Copy every entry exactly as it stands, though any image it holds should stay out of the copy.

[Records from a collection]
·····

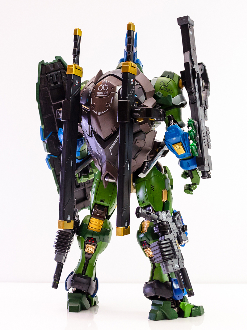 ▼ 背部這邊先不裝上龜殼背包,避免一些細節被擋住。可以看見各部合金關節都呈現厚重金屬色澤。全機也印刷了機體編號「TMNT 01」、稍嫌中二的「忍」字等多種機身標誌來充實裝甲表現的細節豐富度。
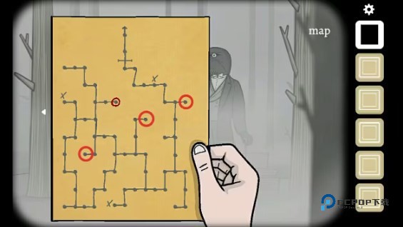 33、根据地图指示到达有画×的地方,在画叉的地方有一块石头标明了其他路线,根据石头的路线到达位置后会获得一个「雕像」,在去第三个画叉的地方时会遇到黑影,点击黑影身上出现的光圈即可劝退,收集最后一个雕像后按地图来到最终点,将三个雕像放入大门的凹槽内,打开大门
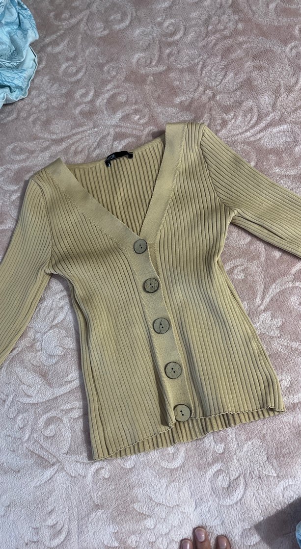 Düğmeli Bej V Yaka Triko Hırka
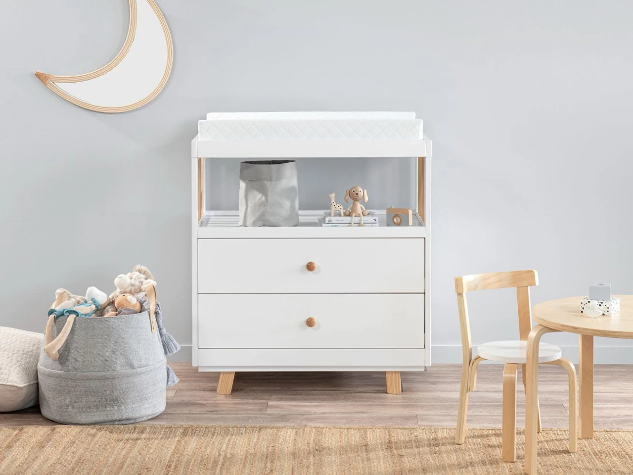 Storage is essential when you have a baby, which is why any parent will love the Aspen Change Table with Drawers – White/Natural. With a large open shelf and two spacious drawers, this modern change table makes the most of limited space by incorporating storage options. No need to reach far for fresh nappies or wipes, simply pop the essentials in the shelf and drawers and have everything within easy reach.
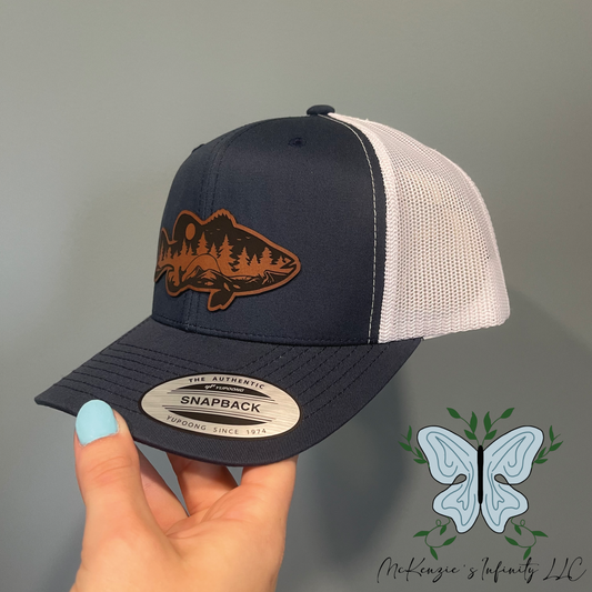 Bass Fish Mountain Leather Patch Adult Unisex Retro Trucker Hat/Cap
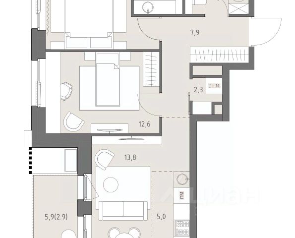 Прямая продажа от застройщика. В ЖК Сет продается 4-комнатная квартира площадью 102.56 м², расположенная в корпусе Б, на 48 этаже 59 этажного дома. Сет имеет стратегически выгодное расположение в ЗАО, в районе с большой историей и блестящим будущим: между природной зоной долины реки Сетунь и Кутузовским проспектом. В рамках возведения первой очереди предусмотрено три корпуса высотой 18, 45 и 59 этажей. На верхних этажах спроектированы общедоступные смотровые площадки с панорамным обзором на центр столицы. Преимущества проекта: • Функциональные планировочные решения • Контроль проникновения через входную дверь • Система управления освещением и температурой в квартире • Система защиты от протечек с функцией перекрытия воды • Вход в подъезд по биометрическим считывателям Face ID • Скоростные лифты • Двухуровневый подземный охраняемый паркинг на 495 машино-мест Застройка Сет включает в себя не только жилые корпуса, но и инфраструктурные объекты. Все необходимое для повседневного комфорта будет расположено в шаговой доступности: • Фитнес-Клуб с бассейном • Ведущая городская школа, детский сад и школа искусств • Центр культуры и досуга • Медицинский центр • Кафе и рестораны Расположение комплекса: Пешком: • Метро "Давыдково" - 17 минут • Парк "Долина реки Сетунь" - 3 минуты • Открытие новых станций метро в шаговой доступности в будущем Инфраструктура: Разнообразить свой день резиденты Веер смогут также проводя больше времени на свежем воздухе. Двор разделен на 4 зоны разных эмоций и действий, которые пересечены и соединены веерными прогулочными маршрутами: • Спортивная площадка устроена в глубине "Кленовой рощи" • В "Чайном домике" будет создан навес с утеплением для отдыха в любую погоду • Площадки для детей воплотятся в "Волшебный лес" с цветами, зеркалами и световым дизайном • "Центральная площадь" устроена у водного оазиса живописного пруда. На машине: • "Москва-Сити" - 15 минут • Садовое кольцо - 20 минут • ТЦ "Океания" - 8 минут • ТЦ "Времена года" - 13 минут • Сколково - 12 минут • Гребной канал - 17 минут Компания MR предлагает своим клиентам специальные условия приобретения квартир в рамках программ ипотечного кредитования от банков-партнеров. Купить квартиру от застройщика в районе Можайский в Москве.
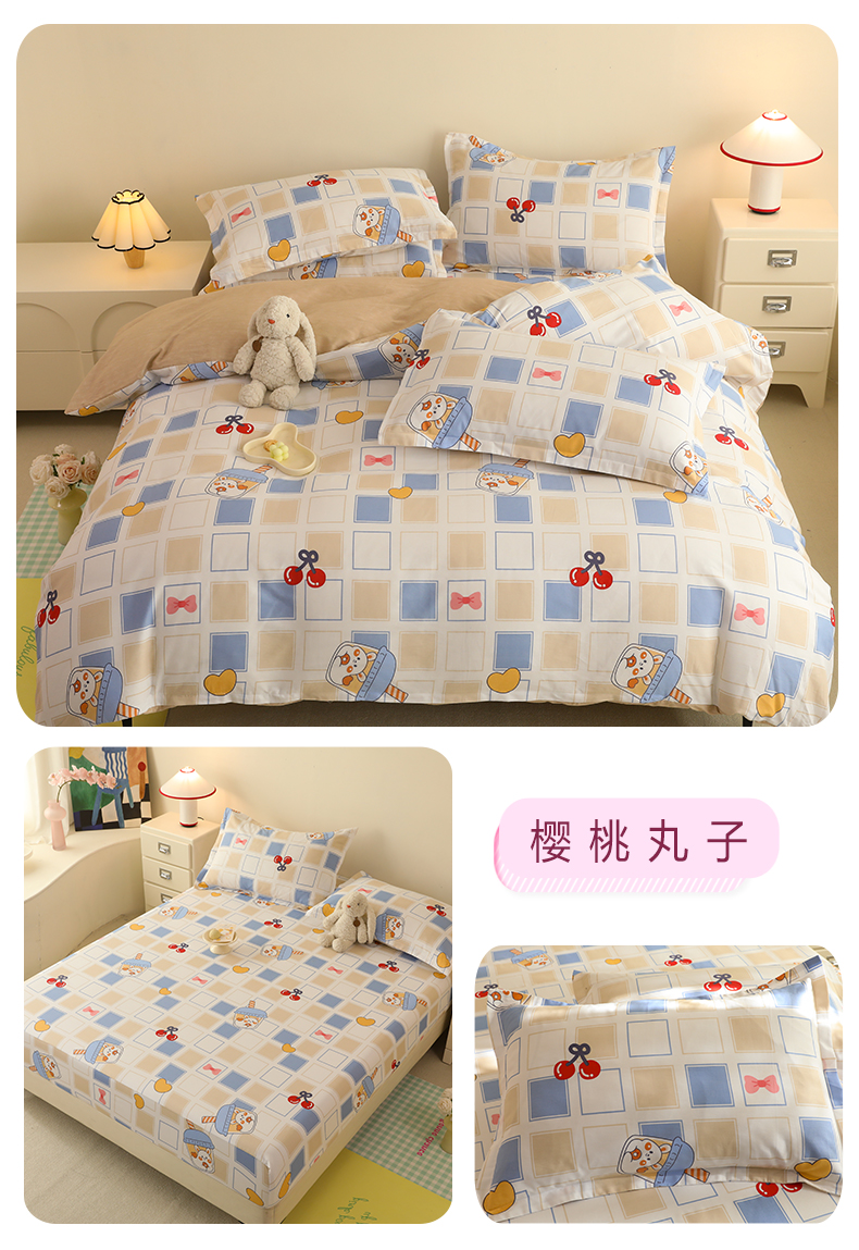 八十八家纺 2025新款全棉12868床笠款四件套樱桃丸子
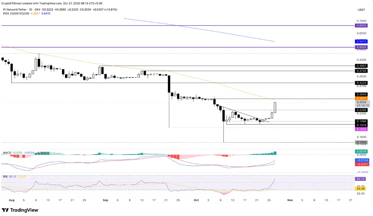 Até o momento da redação, o Pi Network (PI) está sendo negociado em torno de 0,2500 USD, aproximando-se da linha EMA de 50 dias em 0,2627 USD. Este token registrou um aumento de 13% nas últimas 24 horas, seguindo uma alta de 7% desde domingo, indicando que a demanda está voltando.

·····

### [Finished exercise]
 ▼ 背部這邊先不裝上龜殼背包,避免一些細節被擋住。可以看見各部合金關節都呈現厚重金屬色澤。全機也印刷了機體編號「TMNT 01」、稍嫌中二的「忍」字等多種機身標誌來充實裝甲表現的細節豐富度。
 33、根据地图指示到达有画×的地方,在画叉的地方有一块石头标明了其他路线,根据石头的路线到达位置后会获得一个「雕像」,在去第三个画叉的地方时会遇到黑影,点击黑影身上出现的光圈即可劝退,收集最后一个雕像后按地图来到最终点,将三个雕像放入大门的凹槽内,打开大门
 Düğmeli Bej V Yaka Triko Hırka
 Storage is essential when you have a baby, which is why any parent will love the Aspen Change Table with Drawers – White/Natural. With a large open shelf and two spacious drawers, this modern change table makes the most of limited space by incorporating storage options. No need to reach far for fresh nappies or wipes, simply pop the essentials in the shelf and drawers and have everything within easy reach.
 Bass Fish Mountain Leather Patch Adult Unisex Retro Trucker Hat/Cap
 Прямая продажа от застройщика. В ЖК Сет продается 4-комнатная квартира площадью 102.56 м², расположенная в корпусе Б, на 48 этаже 59 этажного дома. Сет имеет стратегически выгодное расположение в ЗАО, в районе с большой историей и блестящим будущим: между природной зоной долины реки Сетунь и Кутузовским проспектом. В рамках возведения первой очереди предусмотрено три корпуса высотой 18, 45 и 59 этажей. На верхних этажах спроектированы общедоступные смотровые площадки с панорамным обзором на центр столицы. Преимущества проекта: • Функциональные планировочные решения • Контроль проникновения через входную дверь • Система управления освещением и температурой в квартире • Система защиты от протечек с функцией перекрытия воды • Вход в подъезд по биометрическим считывателям Face ID • Скоростные лифты • Двухуровневый подземный охраняемый паркинг на 495 машино-мест Застройка Сет включает в себя не только жилые корпуса, но и инфраструктурные объекты. Все необходимое для повседневного комфорта будет расположено в шаговой доступности: • Фитнес-Клуб с бассейном • Ведущая городская школа, детский сад и школа искусств • Центр культуры и досуга • Медицинский центр • Кафе и рестораны Расположение комплекса: Пешком: • Метро "Давыдково" - 17 минут • Парк "Долина реки Сетунь" - 3 минуты • Открытие новых станций метро в шаговой доступности в будущем Инфраструктура: Разнообразить свой день резиденты Веер смогут также проводя больше времени на свежем воздухе. Двор разделен на 4 зоны разных эмоций и действий, которые пересечены и соединены веерными прогулочными маршрутами: • Спортивная площадка устроена в глубине "Кленовой рощи" • В "Чайном домике" будет создан навес с утеплением для отдыха в любую погоду • Площадки для детей воплотятся в "Волшебный лес" с цветами, зеркалами и световым дизайном • "Центральная площадь" устроена у водного оазиса живописного пруда. На машине: • "Москва-Сити" - 15 минут • Садовое кольцо - 20 минут • ТЦ "Океания" - 8 минут • ТЦ "Времена года" - 13 минут • Сколково - 12 минут • Гребной канал - 17 минут Компания MR предлагает своим клиентам специальные условия приобретения квартир в рамках программ ипотечного кредитования от банков-партнеров. Купить квартиру от застройщика в районе Можайский в Москве.
 八十八家纺 2025新款全棉12868床笠款四件套樱桃丸子
 Até o momento da redação, o Pi Network (PI) está sendo negociado em torno de 0,2500 USD, aproximando-se da linha EMA de 50 dias em 0,2627 USD. Este token registrou um aumento de 13% nas últimas 24 horas, seguindo uma alta de 7% desde domingo, indicando que a demanda está voltando.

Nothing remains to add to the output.